What the repo graph says the lab became

The website used to say a simple thing: every paper should have a working prototype. That is still true, but it is no longer specific enough.

A GitHub pass over the organization on June 18, 2026 shows a clearer shape: Crafter Research is becoming a lab for evidence systems. The public surface is no longer just apps. It is corpora, engines, SDKs, benchmarks, graph artifacts, and research logs that show how conclusions moved.

The repo graph

The GitHub organization has 27 repositories: 23 public and 4 private. The most active work this week clusters into four arcs.

Arc	Repos	What changed
Legal research stack	legalize-pe, legalize-pe-engine, amicus, amicus-sdk	The work now spans corpus, engine, assistant, SDK, docs, and retrieval evaluation.
Citizen process graph	tramites-pe, tramites-pe-engine	The scraper and engine split corpus truth from derived graph research.
Evaluation culture	latambench, website	Benchmarks and logs now record when the first conclusion was wrong.
Civic interfaces	peru-financia, political-graph, sunat-cli, andenar	The older civic-tech layer remains useful, but it is now part of a broader research infrastructure story.

What moved this week

The latest commit pattern matters more than the repo count.

amicus scaled the retrieval gold set to 35 firm pairs using dual blind annotation. That turned a flashy early result into a more cautious finding: rerank carried the result after the small-set story collapsed.
tramites-pe harvested the gob.pe citizen-service taxonomy, process graph, and canonical entity directory.
tramites-pe-engine turned the corpus into a web explorer and process map, including a goal library derived from public-service graphs.
LatamBench tightened evaluation accounting: valid counts, hallucination metrics, abstention metrics, and judge calibration artifacts.

This is the actual strategy: make public data into durable substrates, put agents on top, and then measure the parts that can fail.

The important shift

The old website grouped projects as active apps and tools. That made sense in March. It is now misleading.
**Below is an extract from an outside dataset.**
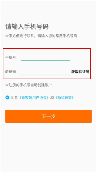 2、进入请输入手机号码页面,在手机号输入框填写个人常用的手机号码信息。

The unit of work is no longer “project”. The unit is inspectable evidence:

corpus: legal norms, gob.pe services, political finance, election data
engine: retrieval, graph construction, pathfinding, scoring
evaluation: gold sets, ablations, judge agreement, precision gates
interface: assistant, explorer, CLI, SDK, website
log: what we believed, what broke, what survived

That is why the website needed to change. A visitor should understand the lab by its evidence chain, not by a portfolio grid.

What stays honest

Some claims are still early:

The amicus gold set is 35 firm pairs, not a legal-grade benchmark.
The tramites graph has useful signals, but the engine found that real process dependencies often live outside a single public page.
LatamBench is an evaluation platform, but benchmark methodology is still moving.
Some active systems, like amicus and Andenar, are partly private while their public interfaces or SDKs are exposed.

The research standard is not to avoid weak spots. It is to publish the weak spot next to the artifact.

Website update

The home page now says what the repos say:

Research systems that can be inspected.

That is the current operating frame. Every new public claim should point to a source, run, repo, live interface, or research log. If it cannot, it is not ready for the homepage.